Question

How do you simplify \[\sqrt{{{x}^{15}}}\]?

Answer 1

Hint: In this problem, we have to simplify the given square root. We can separate the terms inside the square root using the product of exponent rule. By using the product of exponent, we can convert into two terms. We can then take individual roots using the multiplication of roots and we can get the simplified value.

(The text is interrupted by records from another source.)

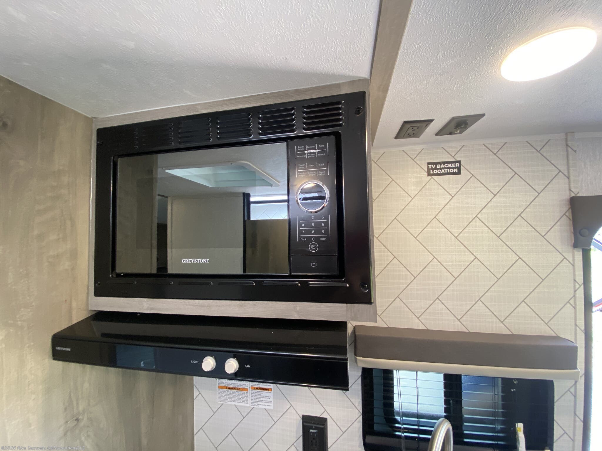 Backup Camera, Fire Extinguisher, LED Lights, Smoke Detector, TV, TV Antenna -
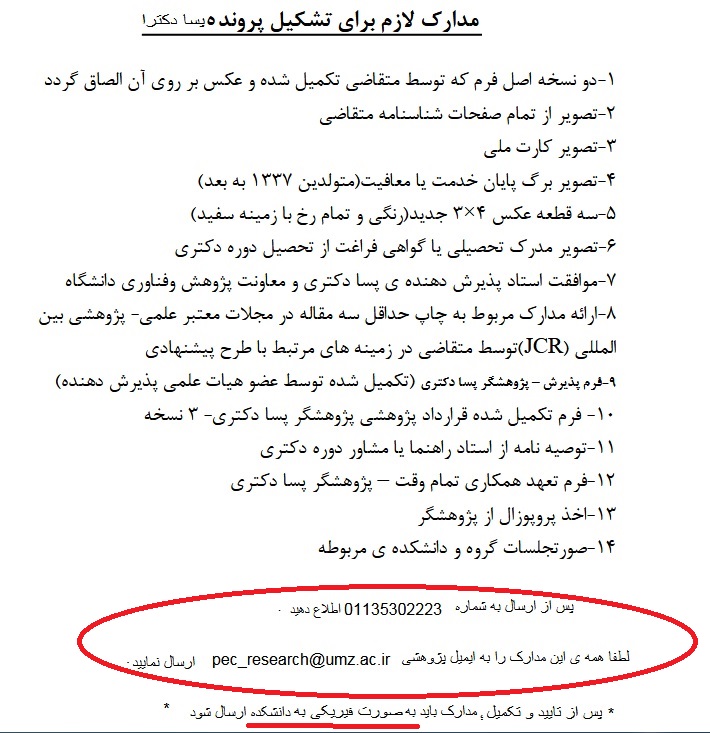 مدارک لازم برای پسادکتری دانشگاه مازندران
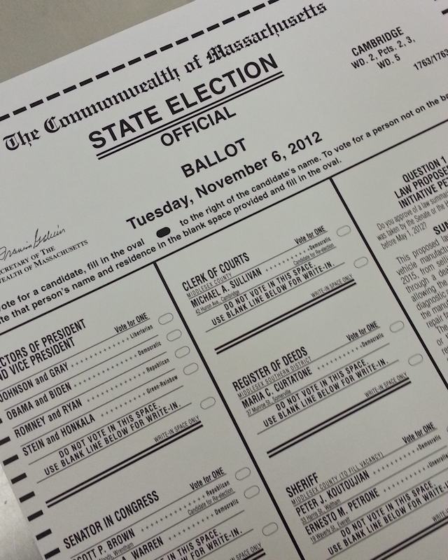 Papeleta de votación en el Estado de Massachusetts. Desde el futuro presidente de los EEUU hasta el Sheriff de Middlesex County.
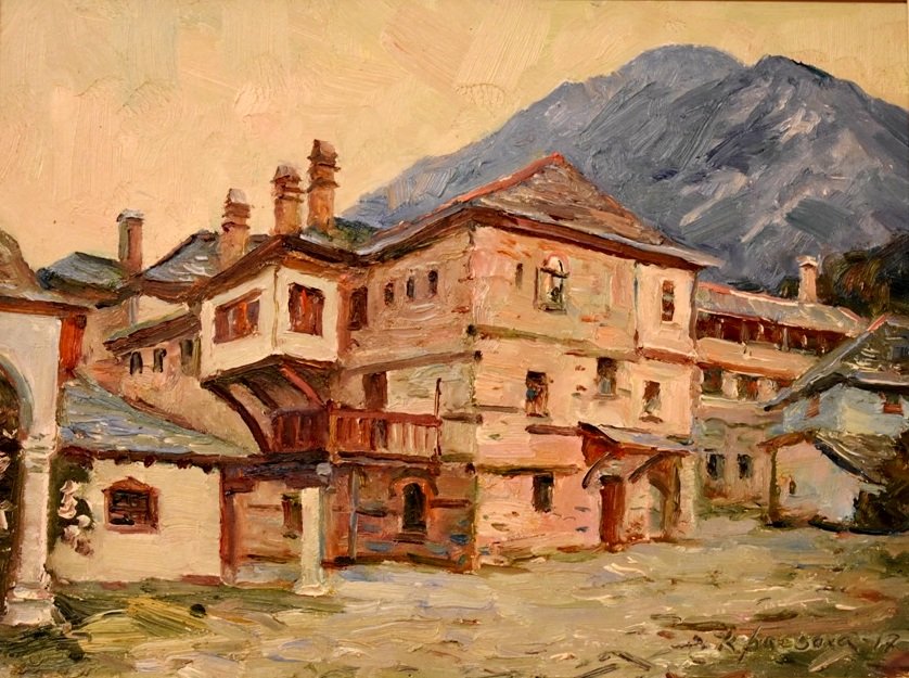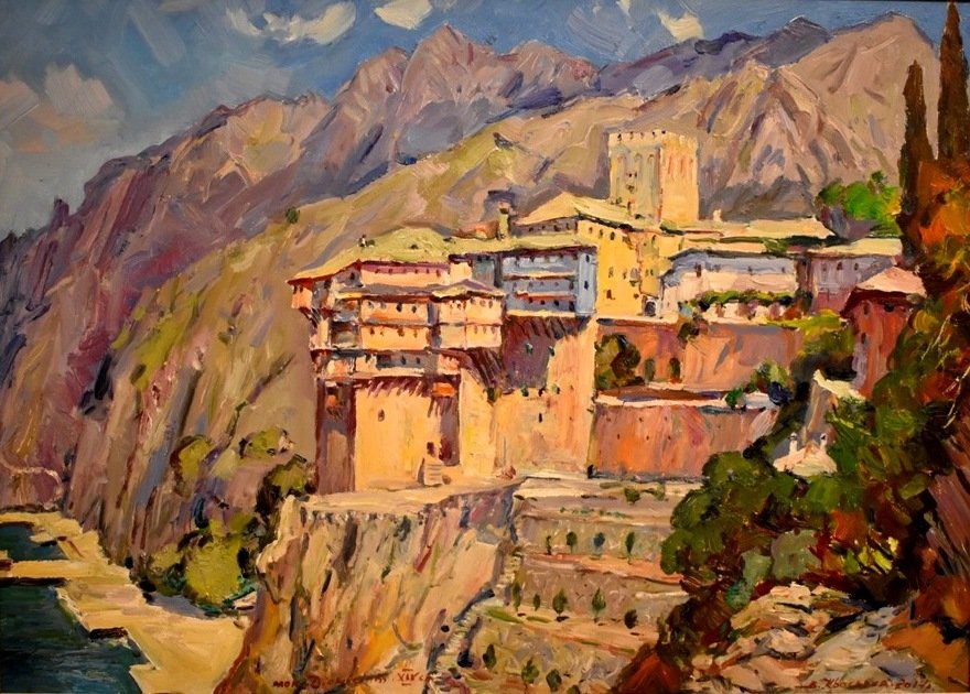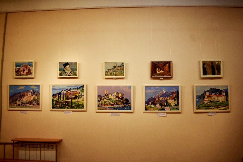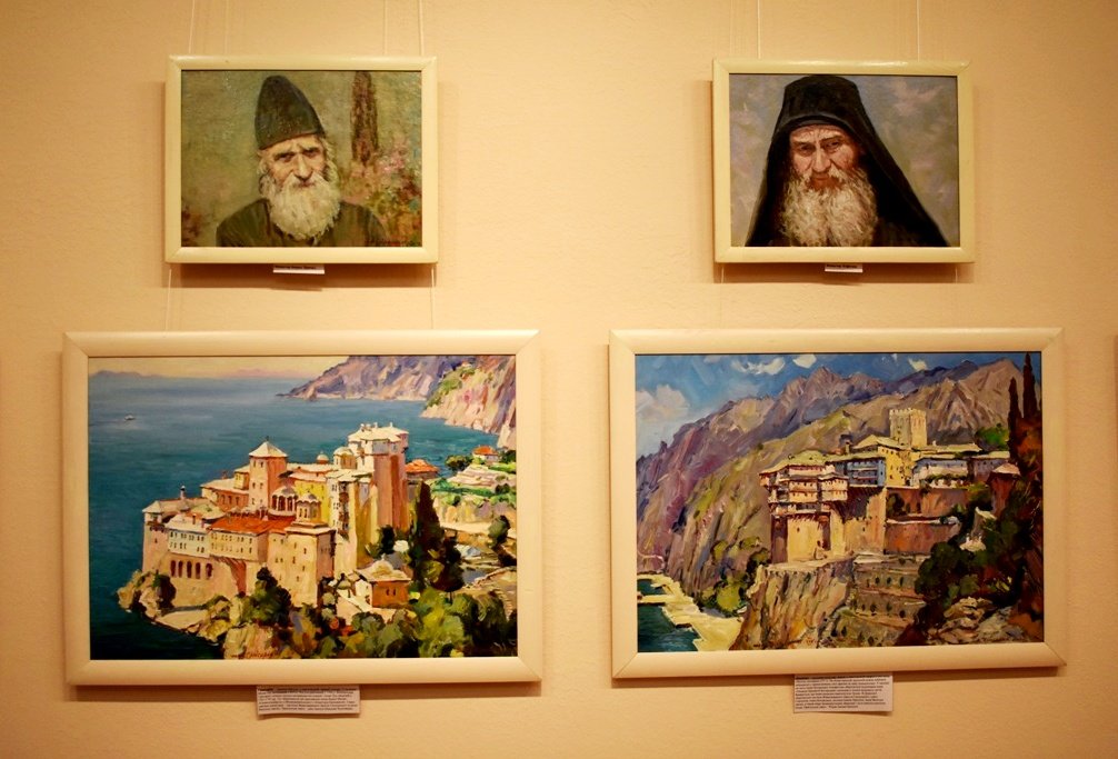 В експозиції представлено двадцять одну живописну роботу із зображенням 21 монастиря Афону: «Карея. Собор Протата», «Монастир Велика Лавра», «Монастир Ватопед», «Монастир Іверон», «Монастир Хіландар», «Монастир Діонісіат», «Монастир Кутлумуш», «Монастир Пантократор», «Монастир Ксиропотам», «Монастир Зограф», «Монастир Дохіар», «Монастир Каракал», «Монастир Філофей», «Монастир Симонопетра», «Монастир Св. Павла», «Монастир Ставронікіта», «Монастир Ксенофонт», «Монастир Григоріат», «Монастир Есфігмен», «Монастир Св. Пантелеймона», «Монастир Констамоніт».
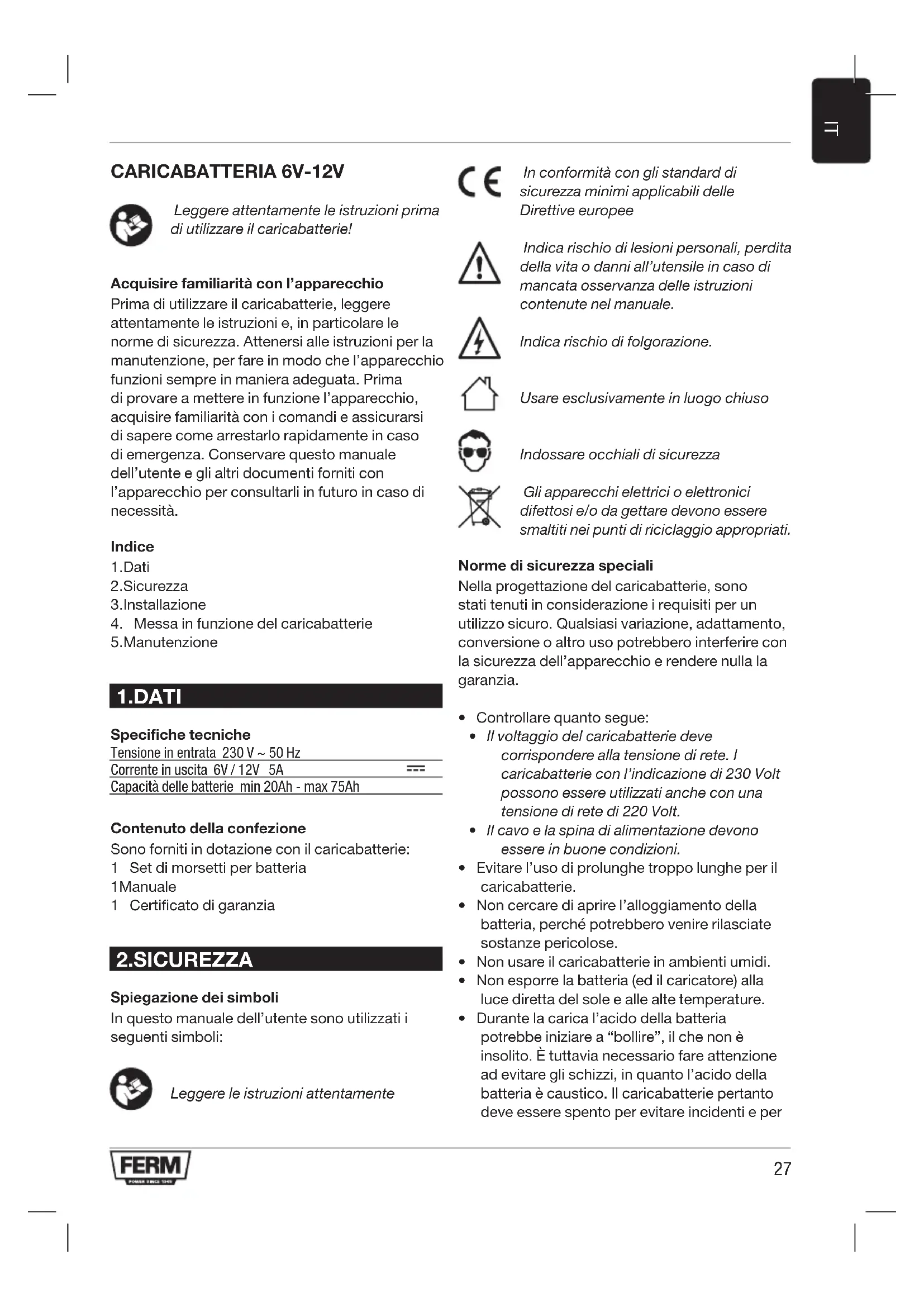 Specifiche tecniche Tensione in entrata 230 V ~ 50 Hz Corrente in uscita 6V / 12V 5A Capacità delle batterie min 20Ah - max 75Ah Contenuto della confezione Sono forniti in dotazione con il caricabatterie: 1 Set di morsetti per batteria 1 Manuale 1 Certificato di garanzia
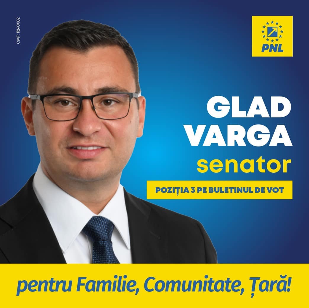 Glad Varga va invită să susțineți echipa PNL la alegerile din acest an. „Pornim cu inima deschisă și cu dorința sinceră de a face o diferență reală în societate prin implicare, muncă și dedicare. Candidatura mea pentru Senat este mai mult decât o funcție – este un angajament față de toți cei care cred în valori solide, în respect pentru cei dragi și în sprijin necondiționat pentru comunitățile locale. Pe 1 Decembrie, mă regăsiți la poziția 3 pe buletinul de vot, și vă invit să susțineți echipa PNL Arad pentru Camera Deputaților și Senat”, a spus Glad Varga.
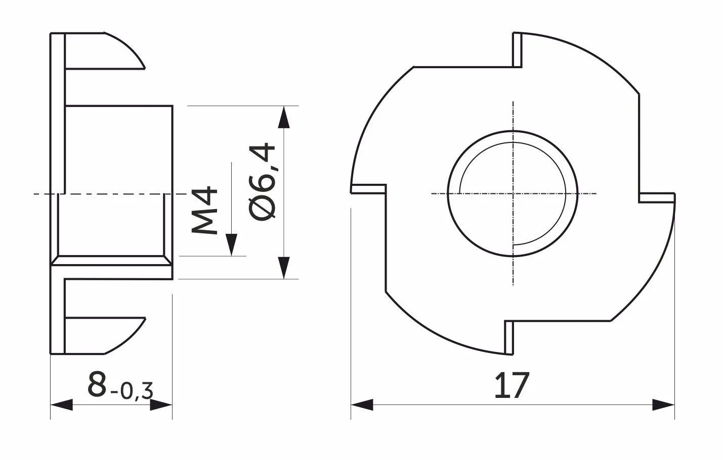 Гайка усовая (носковая, врезная, забивная, крыльчатая, T-nut, DIN 1624) предназначена для соединения деревянных элементов с использованием крепежных деталей с наружной метрической резьбой.
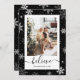 Magical black holiday card featuring snowflakes, stars and snowfall on a black background. Easily personalise this believe holiday card with your photo and text.
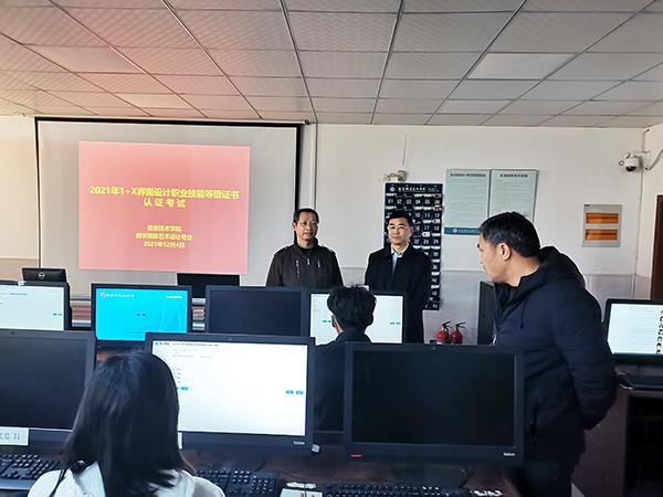 12月4日,信息技术学院数字媒体艺术设计专业首次举办1+X界面设计职业技能等级证书认证考试,2019级、2020级数字媒体艺术设计专业共计60名学生参加考试。考试期间,实验实训中心主任李进恩、信息技术学院院长疏国会等深入现场巡查考务工作。
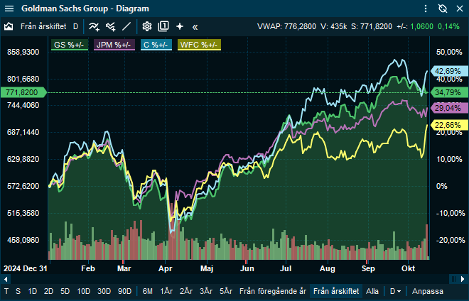 Goldman Sachs levererade kanske det mest positiva kvartalet. Intäkterna steg med 20 procent till drygt 15 miljarder dollar, medan vinsten ökade hela 37 procent till 4,1 miljarder. Investment banking och trading gick starkt. Kostnaderna steg dock ordentligt, med 14 procent år över år, främst på grund av högre rörliga ersättningar efter det starka kvartalet. VD David Solomon konstaterade att banken just nu upplever ett tydligt momentum, där kunderna i större utsträckning söker rådgivning i komplexa affärer, men betonade samtidigt att marknaden rör sig i cykler och att man inte kan räkna med att nuvarande aktivitetsnivå består för evigt.
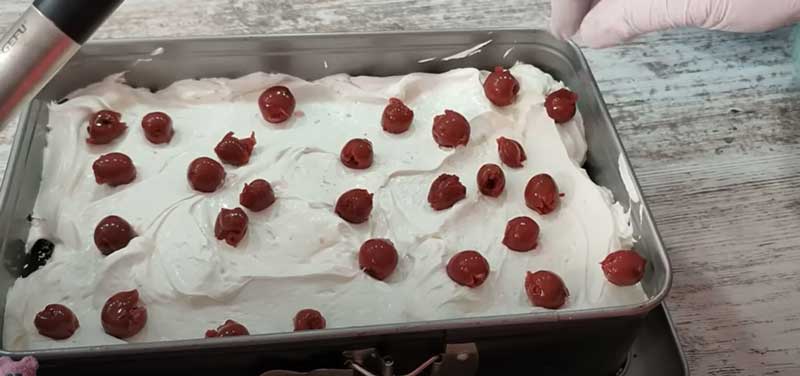 Bateți smântâna pentru frișcă împreună cu mascarpone, vanilie și zahăr pudră într-un mixer. Adăugați smântâna acră și crema de branza la smântâna bătută și amestecați.
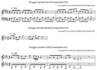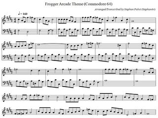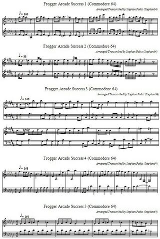 Das linke Bild der nachfolgenden Galerie zeigt die musikalische Untermalung des Spiels in der üblichen Notenschreibweise. Zusätzlich erklingt noch je eine kurze Sequenz beim Beginn und beim Ende des Spiels sowie beim Verlust eines Lebens (mittleres Bild). Schließlich wird noch jeder der maximal 5 Frösche, der seinen Platz am oberen Bildschirmrand erreicht, dort mit einer eigenen Melodie begrüßt (rechtes Bild). Für eine kreative Weiterverwendung aller Melodien stehen die Noten auch als PDF-Dokument (Datei:FroggerArcade Theme PDF.pdf) und in der ABC-Musiknotation (Datei:FroggerArcade Theme.abc.txt) zur Verfügung.
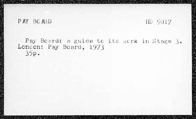 PAY BC ARD Pay Board: a guide tc its Lencon: Pay Board, 1973 3p.
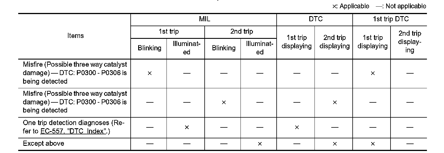 The "trip" in the "Two Trip Detection Logic" means a driving mode in which self-diagnosis is performed during vehicle operation. Specific on board diagnostic items will cause the ECM to illuminate or blink the MIL, and store DTC and Freeze Frame data, even in the 1st trip, as shown below.

Complete step by step answer:
We know that the given square root to be simplified is,
\[\sqrt{{{x}^{15}}}\]
We can now use the product of exponent rule.
We know that the product of exponent rule is,
\[{{x}^{n+m}}={{x}^{n}}\times {{x}^{m}}\]
We can use this in the given square root to separate the terms inside the square root, we get
\[\Rightarrow \sqrt{{{x}^{14}}\times {{x}^{1}}}\]
We can now take individual roots for the terms inside the square root using the multiplication of roots.
We know that the multiplication of roots formula is,
\[\Rightarrow \sqrt{xy}=\sqrt{x}\times \sqrt{y}\]
We can apply this in the above step to take individual roots for the terms inside the square root using the multiplication of roots.
\[\Rightarrow \sqrt{{{x}^{14}}}\times \sqrt{x}\]
We can now write the above step as,
\[\Rightarrow \sqrt{{{\left( {{x}^{7}} \right)}^{2}}}\times \sqrt{x}\]
Now we can cancel the square and the square root in the left-hand side, we get
\[\Rightarrow {{x}^{7}}\sqrt{x}\]
Therefore, the simplified form of the given square root \[\sqrt{{{x}^{15}}}\] is \[{{x}^{7}}\sqrt{x}\].

Note:
We should remember the formula for the product rule of exponents and the multiplication of roots formula to be applied for these types of problems. We should also remember that we can cancel the square and the square root.